Existing users are familiar with the default NEURON mode. The model descriptions written in NMODL (Hines and Carnevale, 2000) are used to build a dynamically loadable shared library. The HOC/Python scripting interface is used to build a network model in memory (Model Setup phase). This in-memory model is then simulated using the hybrid clock-event driven algorithm described in section 2 (Simulation phase). Users have full control over model structure and can introspect or record all events, states, and model parameters using the scripting or graphical user interface (Result phase).

CoreNEURON Online Mode allows users to run their models efficiently with minimal changes. After the Model Setup phase, the in-memory representation is copied into CoreNEURON's memory space. CoreNEURON then re-organizes the memory during Memory Setup phase for efficient execution (see section 4.2). The Simulation phase is executed in CoreNEURON and spike results are written to disk.

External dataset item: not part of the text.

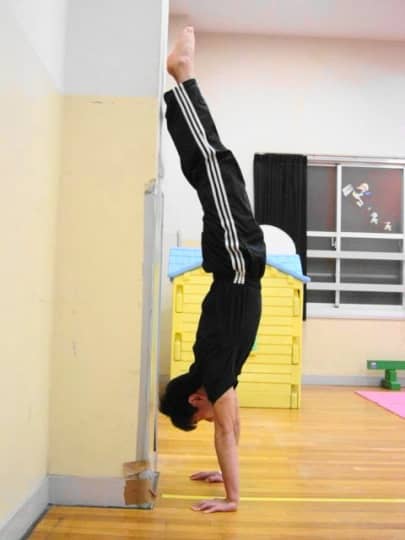 ハンドスタンド(倒立)ができない場合は、壁を使いましょう。

Note that the same NMODL model descriptions are used both in NEURON as well as CoreNEURON.

CoreNEURON Offline mode is intended for large network models that cannot be simulated with NEURON due to memory capacity constraints. In this mode, instead of loading the entire model at once, the Model Setup phase builds a subset of the model that fits into available memory. That subset is written to disk, the memory used by the subset is freed, and the Model Setup phase constructs another subset. After all subsets are written by NEURON, CoreNEURON reads the entire model from the disk and begins the Simulation phase. Because CoreNEURON's cell and network connection representations are much lighter weight than NEURON's, 4-7x larger models than NEURON can be simulated with CoreNEURON (see section 5).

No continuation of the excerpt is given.